Whenever a TI runs the processor consumption goes straight to 100%, this doesn't seem possible in a single threaded situation. 16 cores assigned to the VM.
We see the missing RAM component even when the PA services are not running after a restart with the PA services set to manual
Both customers insist that the VM is configured to have the resourced fully reserved for the VM by the host.
My money was on the VM Host using the resources dynamically and taking processor and RAM back from the PA VM but as mentioned above I've been told this is not the case.
Anyone have any ideas what is going on here and anything else we can ask the customers about the configuration of the VM?
I think you are correct and it's a VM sharing resource issue...as I did come across something like this at customer's site once, where the VM was 'sharing' the RAM with another application. We noticed that TM1 was sluggish at times and this was down to the 'other' application writing to their SQL back end at the time. IT denied it initially, but later admitted they set this up without telling anyone.
We asked IT to either move the other application to another VM box or remove this function and things went back to normal.

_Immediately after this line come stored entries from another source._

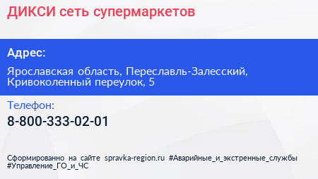ДИКСИ, сеть супермаркетов по адресу Ярославская область, Переславль-Залесский, Кривоколенный переулок, 5 в дальнейшем Организация, размещена в следующих категориях:
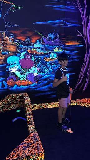 We took our 5-year-old to Monster Mini Golf for our weekly family outing, and the experience delivered exactly what we were hoping for: something fun, easy, and well-contained. We only did the mini-golf course, which runs through a themed blacklight environment filled with pop-culture, horror, and monster artwork. The props are fun. Some of them move or make sounds, and while the course footprint is small, theyâve made good use of the space with creative obstacles and a few familiar classics like the laughing clown. No windmill, sadly, but there was a loud animatronic skull that nearly pushed the fear-limit for our little one. That said, the vibe stayed kid-friendly and playful the whole way through.
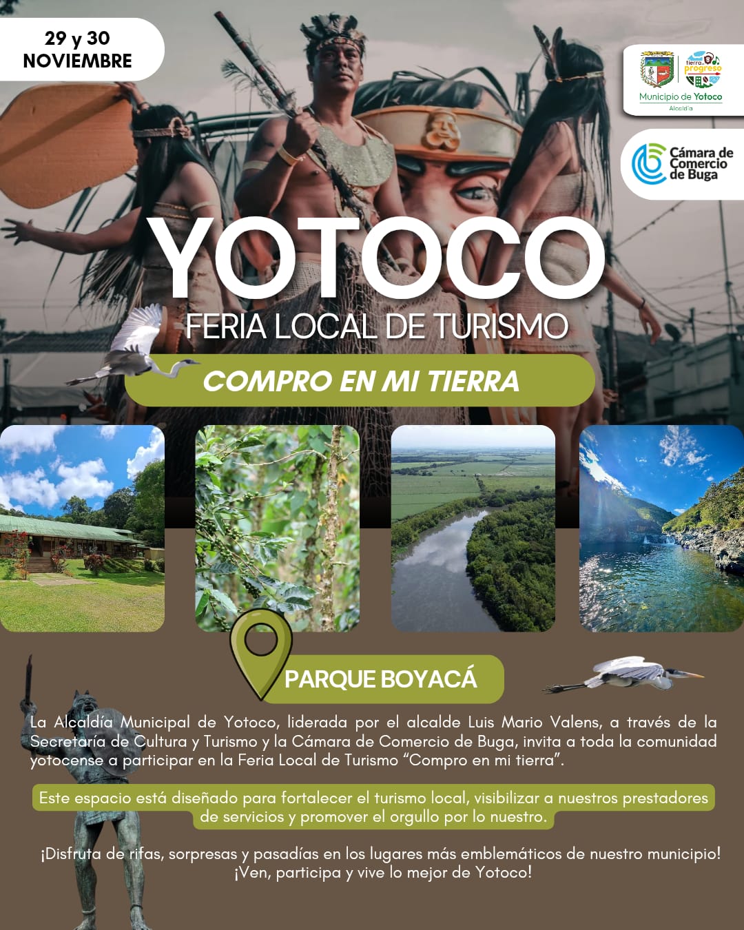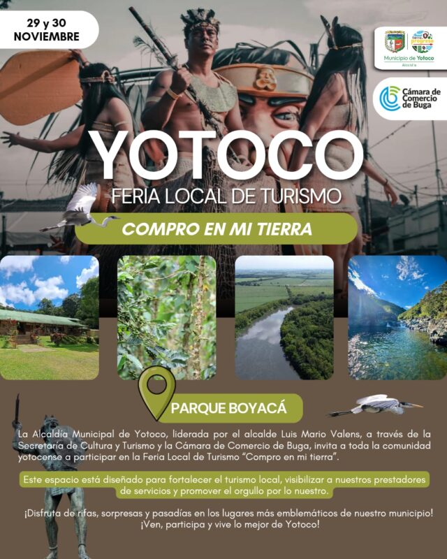 La feria reúne a prestadores de servicios turísticos, emprendedores, artesanos y representantes del sector gastronómico, quienes tendrán la oportunidad de exhibir sus productos y mostrar a la comunidad la diversidad de experiencias que ofrece Yotoco. Además, el evento busca impulsar el conocimiento de lugares emblemáticos, rutas ecológicas, actividades culturales y propuestas que fortalecen la oferta turística local.
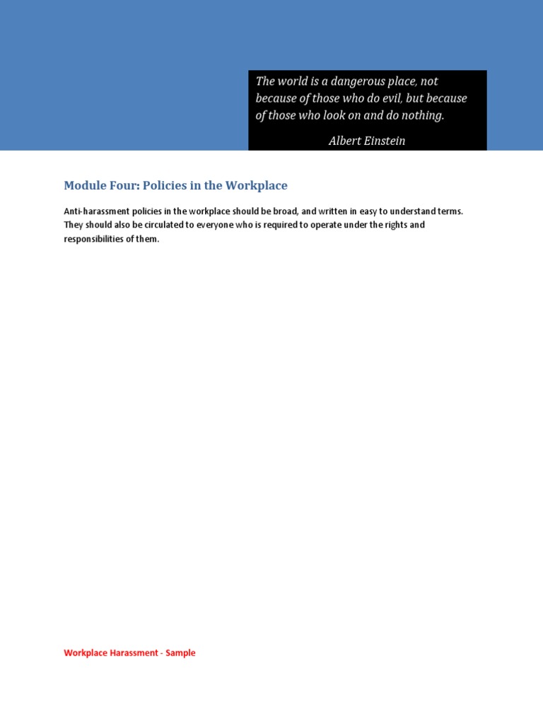 When one thinks of an anti-harassment policy in the workplace, the first thing that comes to mind may be what the company is required to do in order to protect its employees from harassment, but the fact is, an anti-harassment policy is only effective when the employer and its employees play an active role in upholding it. The rights and responsibilities for employees include: Having a clear understanding of the policy itself and making sure there is full knowledge of employees rights and responsibilities within the policy. Attending all trainings outlined in the policy. Avoid conducting any behavior that is prohibited by the policy. Informing the proper authority of any hostile conduct seen committed upon others. Informing the proper authority of any hostile conduct committed toward you. Fully cooperating in the event of an inquiry or investigation
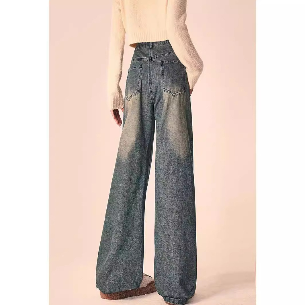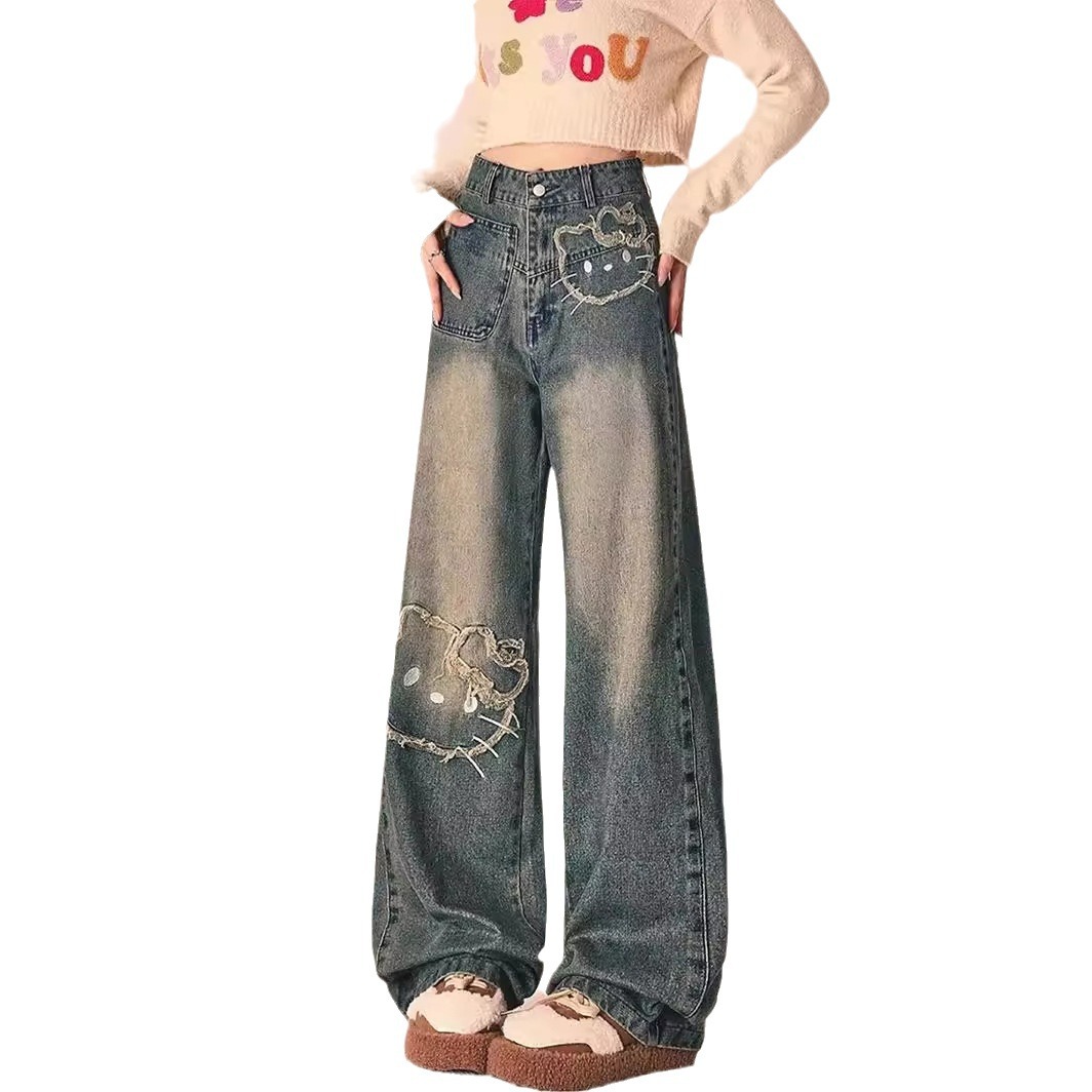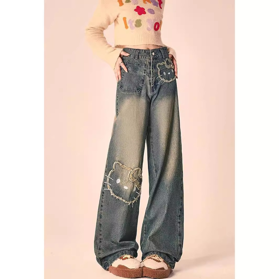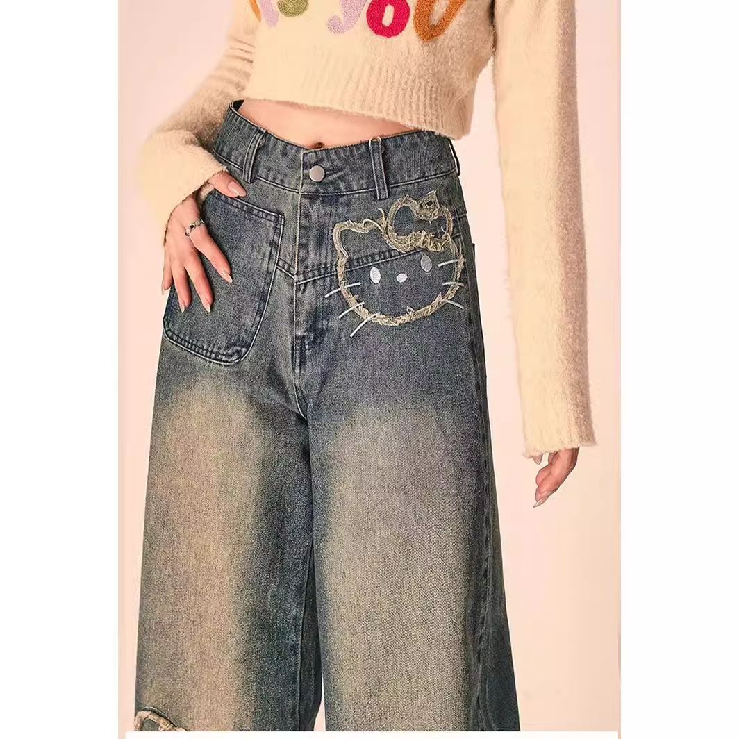 卡通图案kitty做旧学生牛仔裤女夏季美式复古设计直筒休闲宽松裤

Might not be the case here, but it sounds very familiar.
It could be "Driver locked memory" if you are using Hyper-V. VMWare had a similar "balloon driver" at some point and may still. Sysinternal RAMMap would help pin it down, but I have seen VM servers at 95% of RAM utilization, with about 40% due to a "Driver Locked" status in RAMMap. It didn't make me warm and fuzzy. Dynamic Memory was the culprit.
What is driver locked memory, and is this a problem?

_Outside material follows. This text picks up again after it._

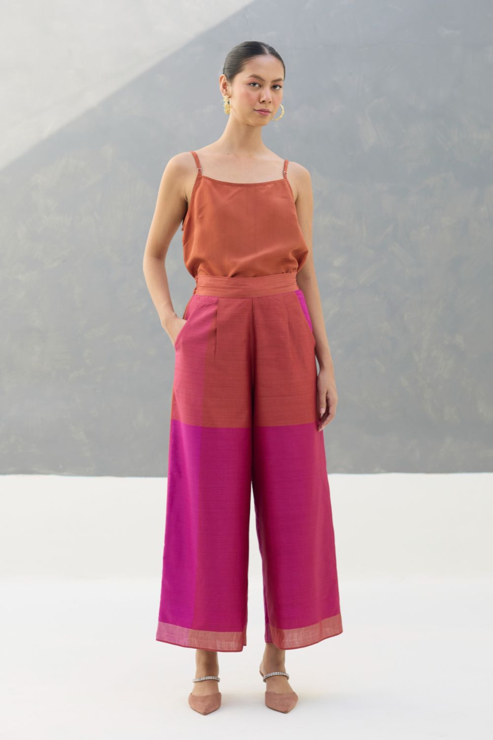 The versatile culotte is crafted in our soft handloom eri (ahimsa) silk, woven as an oversized colour-block check pattern in 4-5 shades. Designed for comfort and functionality, the culottes include a back elasticated waistband with an inside drawstring for an adjustable fit, as well as comfortable pockets. The piece is intricately finished with a subtle woven metallic border at the hem.
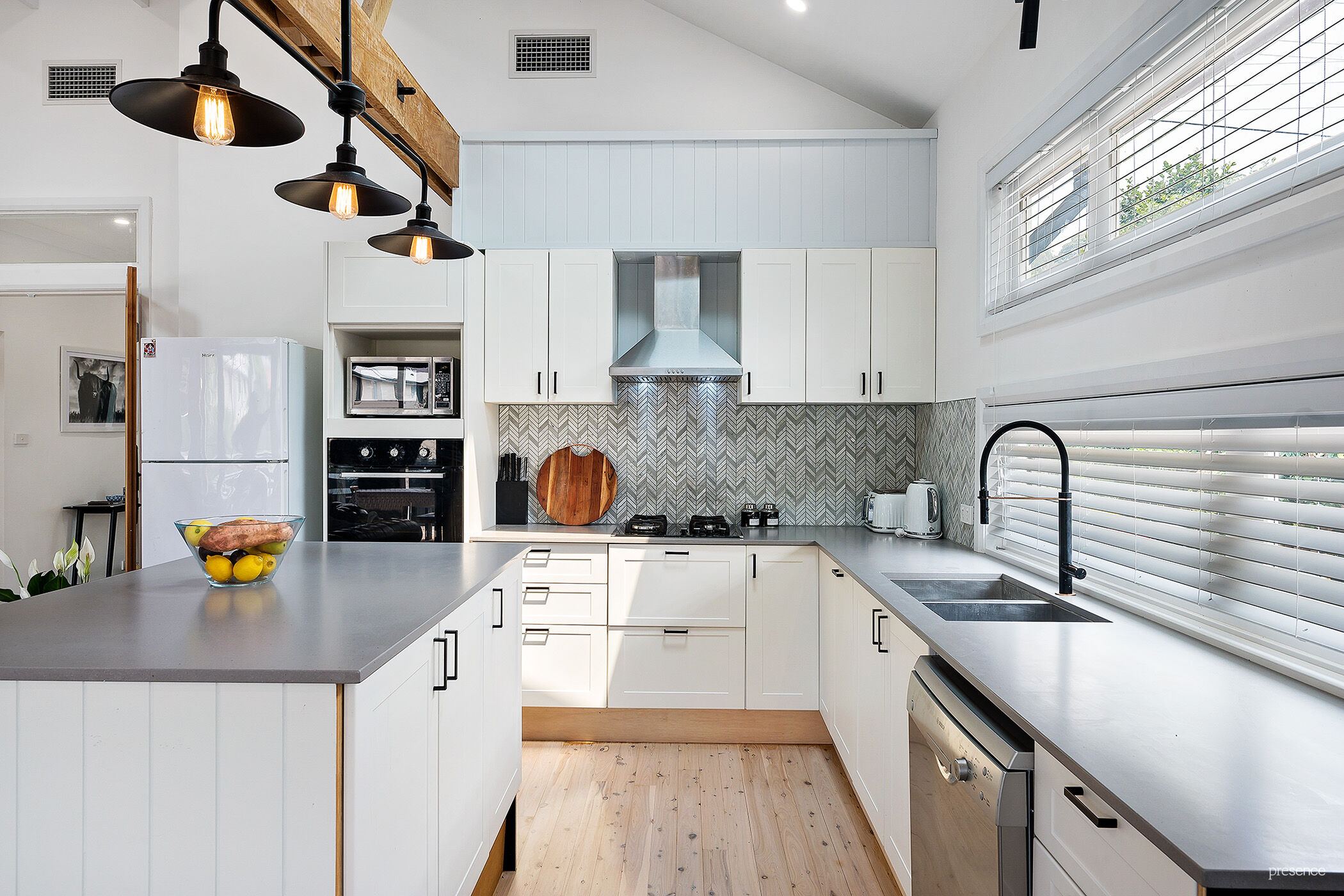 – Impressive kitchen with island bench, feature lighting, dishwasher, gas cooking

Driver locked memory is when a kernel-mode driver prevents memory pages from being swapped to the page file. It is through this mechanism that Hyper-V varies the amount of available memory to a guest when Dynamic Memory is enabled. In the case above, the Hyper-V Manager may show the guest only using about 50% of its maximum allocated memory with the remaining 50% being "locked" by the Hyper-V integration services drivers. VMware uses the same process through its balloon driver to reclaim guest memory.

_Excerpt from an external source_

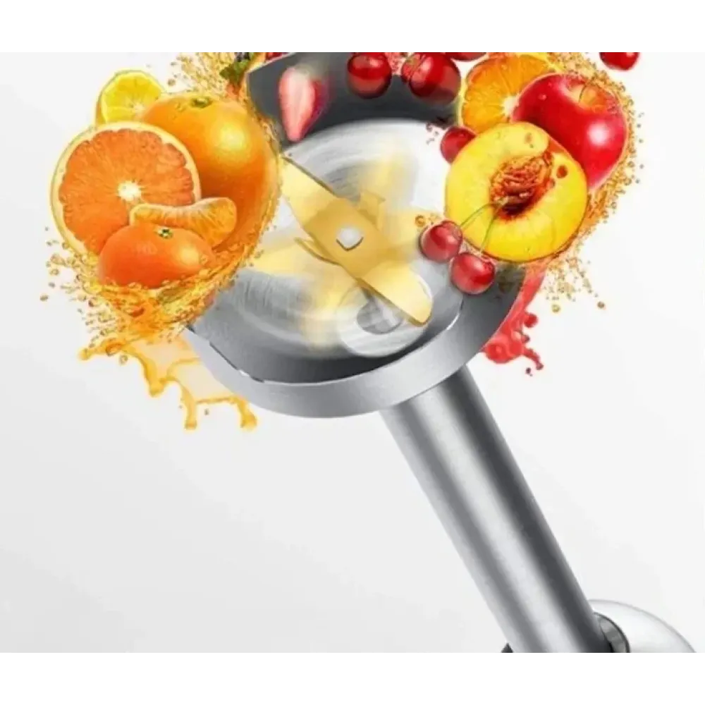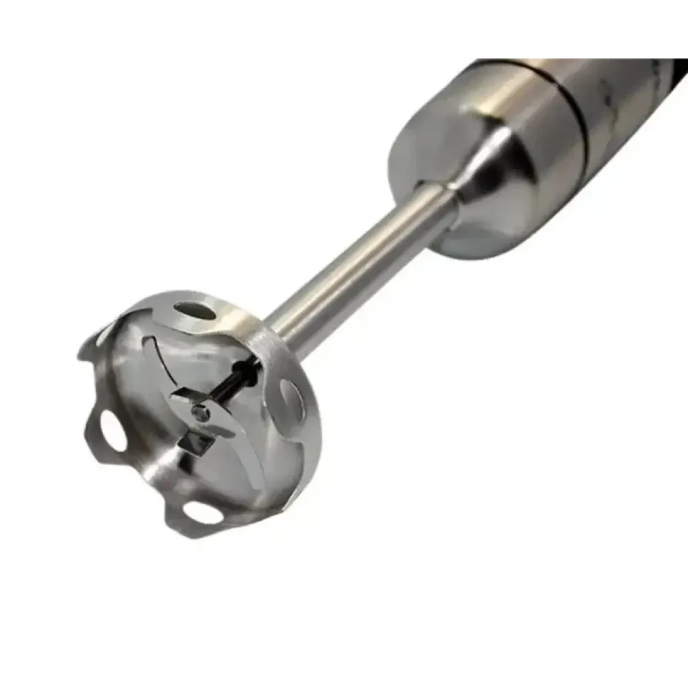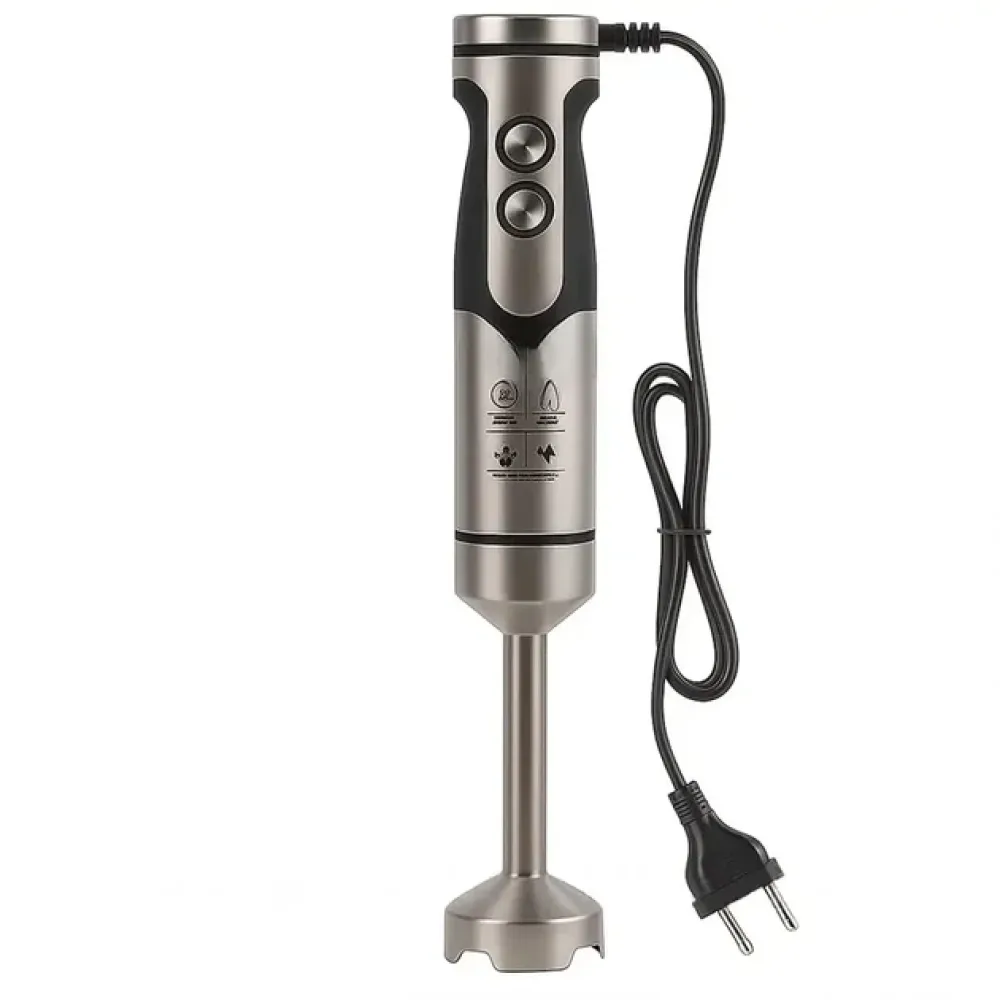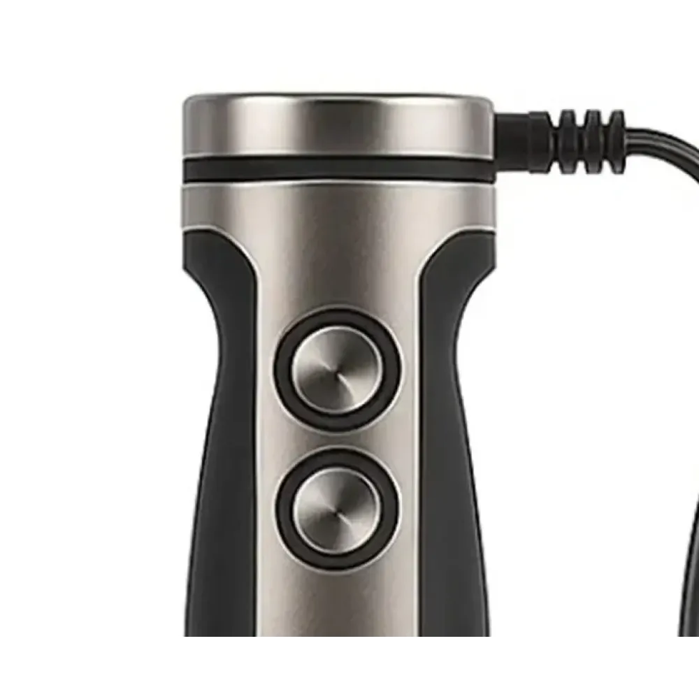 Металлическая погружная часть гарантирует долговечность и позволяет работать с горячими ингредиентами. Корпус сочетает металл и пластик, что обеспечивает стильный внешний вид и удобство эксплуатации. Эргономичная ручка и компактный размер делают блендер удобным и безопасным в использовании.

For most applications, this locked memory is not going to cause a problem as Hyper-V will release memory as the amount of available memory lowers (the buffer threshold can be set on the guest properties). However, some applications, like Microsoft SQL Server, will try to manage their own memory usage based on the available memory. In that case, Dynamic Memory could be a problem.
To disable Dynamic Memory and release the driver locked memory in Hyper-V, you will need to shutdown the guest and uncheck Dynamic Memory from the guest memory properties. Then set the Start-Up memory to the previous maximum memory value.
So as best we can tell this issue is being caused by Planning Analytics Admin Agent (PAAA) spawning and dropping many instructions to powershell to look at the registry. The many many instances of these hanging around in the background are chewing through all the RAM over time.
I raised a case (TS012607330) recently re the Planning Analytics Admin agent and high cpu usage on some of our environments (but not all environments).
They advised us after providing all relevant logs and other information, to check "Power setting in OS , BIOS and Hypervisor (if this is VM) as this will impact CPU utilization even on small real CPU tasks".
Didn't really get anywhere with it, so will be interested to know if you can squeeze anything useful out of them.
We also have an old ticket, since closed, wrt to PAAA and high processor usage.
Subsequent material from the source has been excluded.